Palaeontological History (6).—It must be borne in mind that the sharply delimited groups into which animals appear to be divided are due to our imperfect knowledge, to the fact that our knowledge is limited to short isolated periods of geological time. Were our knowledge of palaeontology complete, it would be found that the various groups graded into one another by insensible gradations, so that it would be quite impossible to set definite limits to any one group. Already even in the extraordinarily imperfect condition of palaeontological knowledge this difficulty is making itself felt, and in the remains from the older deposits it becomes difficult to decide which of the recognized groups the various forms are most closely allied to.

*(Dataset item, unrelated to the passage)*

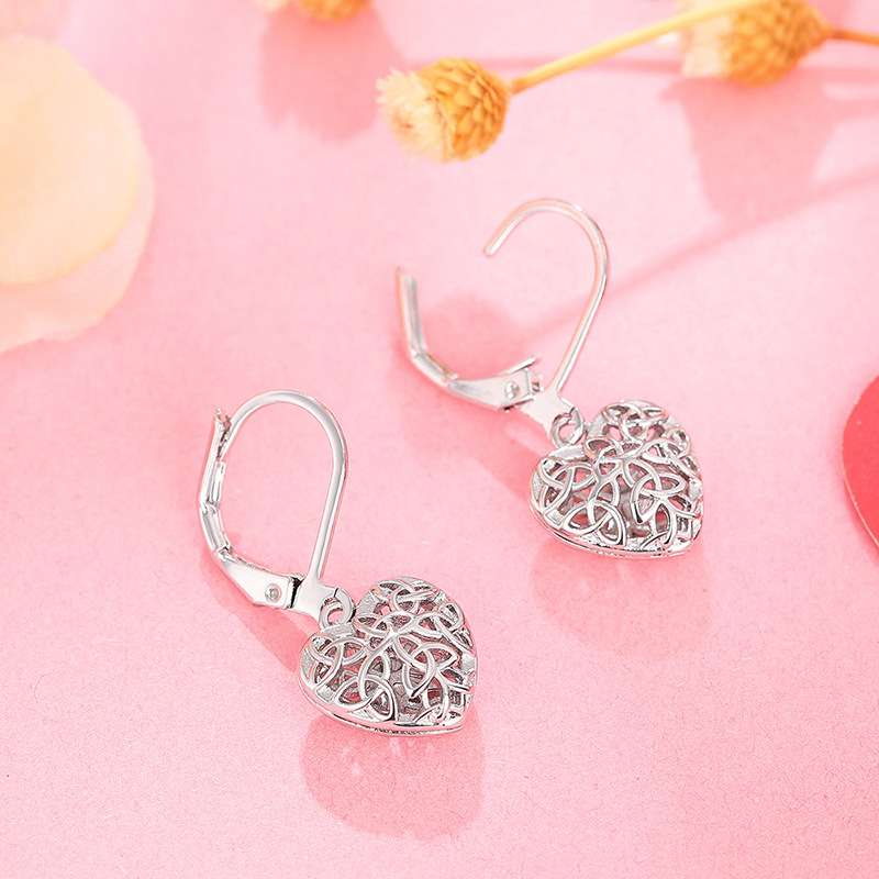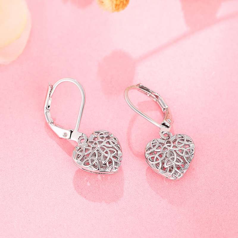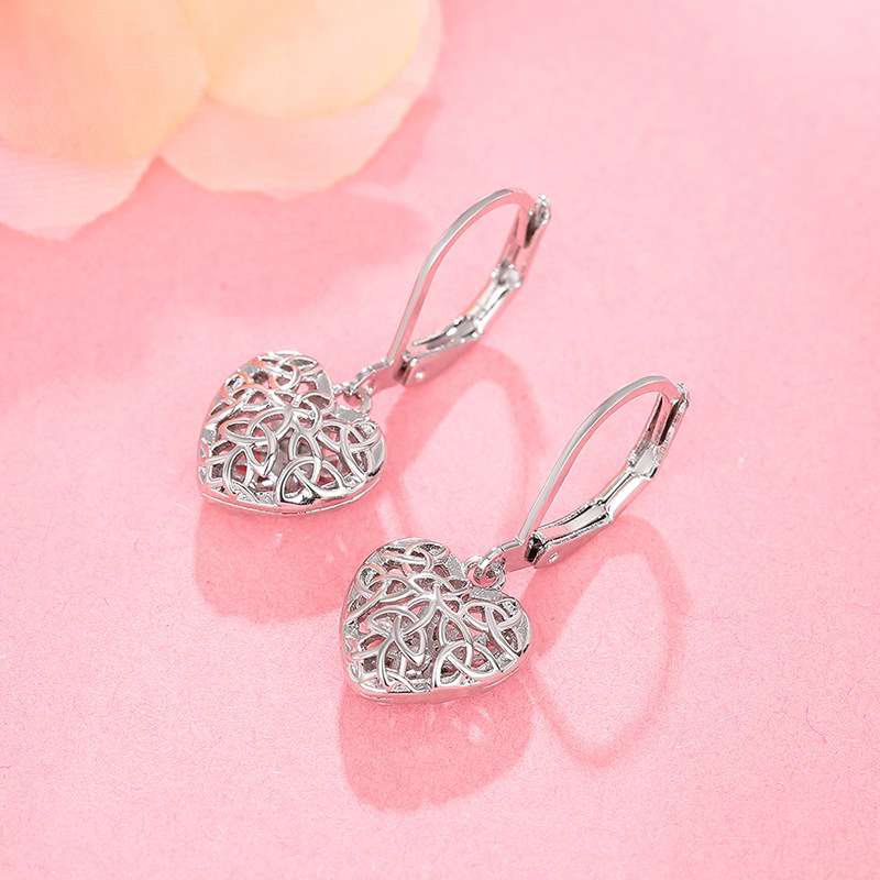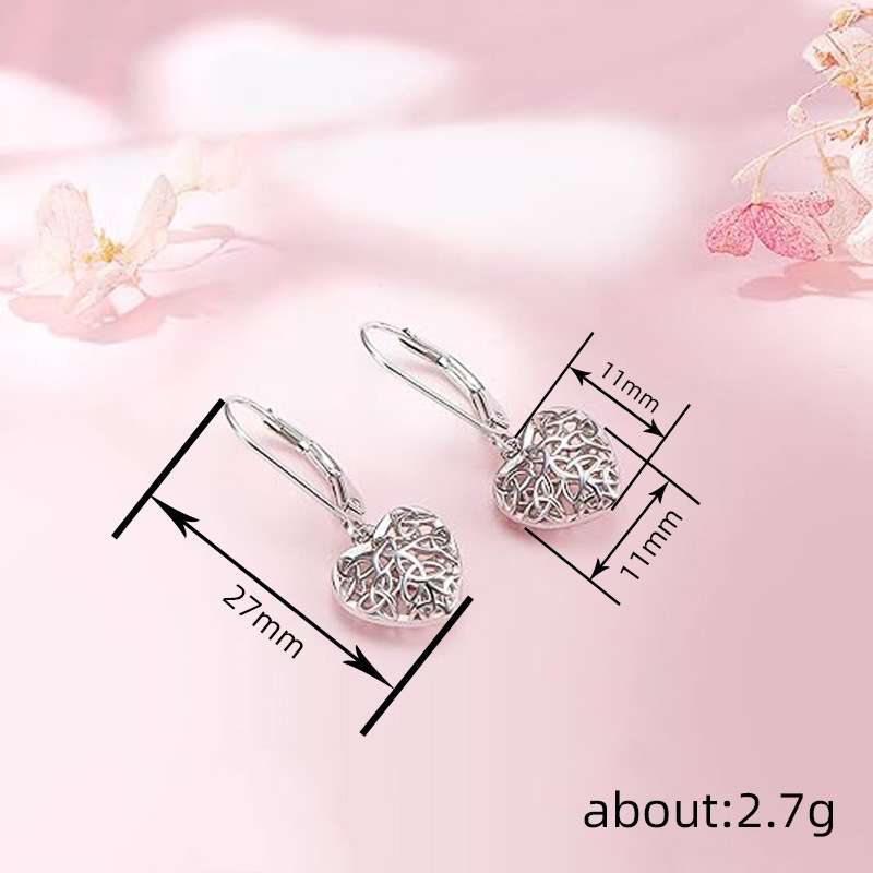 Openwork Heart Fashion Pendant Earring Wholesale. Made of high-quality brass, these heart-shaped pendant earrings are lightweight and non-irritating, making them comfortable to wear for extended periods.

Amongst the most ancient forms of fishes known at present are the remarkable Ostracodermi of the Upper Silurian and Devonian. The general form of these creatures gives the impression that they were ground-feeding fishes which had become highly specialized along much the same lines as the rays amongst existing Selachians. In the highly interesting Coelolepidae described by Traquair (7) from the Upper Silurian and Devonian and comprising the genera Thelodus and Lanarkia a placoid skeleton is present, the individual elements being in the form of small-hollow spines without any basal plate of bone. The main organ of propulsion seems to have been the heterocercal tail, while the broad anterior region passes out on each side into a flap-like portion which may represent a pectoral fin. On the under surface of Thelodus there occur transverse markings which probably are caused by the presence of a bronchial apparatus of the ordinary Selachian type. In the Drepanaspidae (Lower Devonian), and Pteraspidae (Upper Silurian and Lower Devonian) the isolated placoid elements of the Coelolepidae have undergone fusion to a less or greater extent into large plates which ensheath the anterior body region, the posterior portion possessing rhombic scales. The Ostracoderms so far mentioned are grouped together under the name Heterostraci. The Osteostraci form another main division of the Ostracoderms, distinguished from the Heterostraci by the presence of true unmodified bone in their skeletal plates. The orbits are more dorsal in position and a dorsal fin is known to occur, while none has as yet been recognized in the Heterostraci. The most familiar members of the group are the Cephalaspidae of the Silurian and Devonian with their highly characteristic crescentic shield covering the dorsal side of the head region. From behind the posterior horns of this shield there project in some specimens paddle-like structures which maybe pectoral fins, or possibly structures serially homologous with limbs and not represented in modern Selachians.
Among the less doubtful members of the Selachii among fossil forms first place must be given to the Pleuropterygii represented by the genus Cladoselache (8) from the Upper Devonian of Ohio. This was a shark-like creature with the mouth apparently terminal. The body was covered with shagreen placoid elements: there were a series (five or seven) of gill slits on each side and the skull was probably hyostylic. The notochord was apparently persistent. The chief interest of Cladoselache, however, lies in its paired fins which are held by upholders of the “lateral fold” theory to be remarkably primitive. The unpaired fins are obviously highly developed—the tail being almost homocercal with a lateral keel on each side as in various existing sharks, and it seems on the whole unlikely that the paired fins should be very primitive while the unpaired fins are so highly developed. Moreover, the facts of structure of the aired fins so far as at present known seem to fit in quite well with the view that they are modifications of the uni serial archipterygial type (see Ichthyology, fig. 2).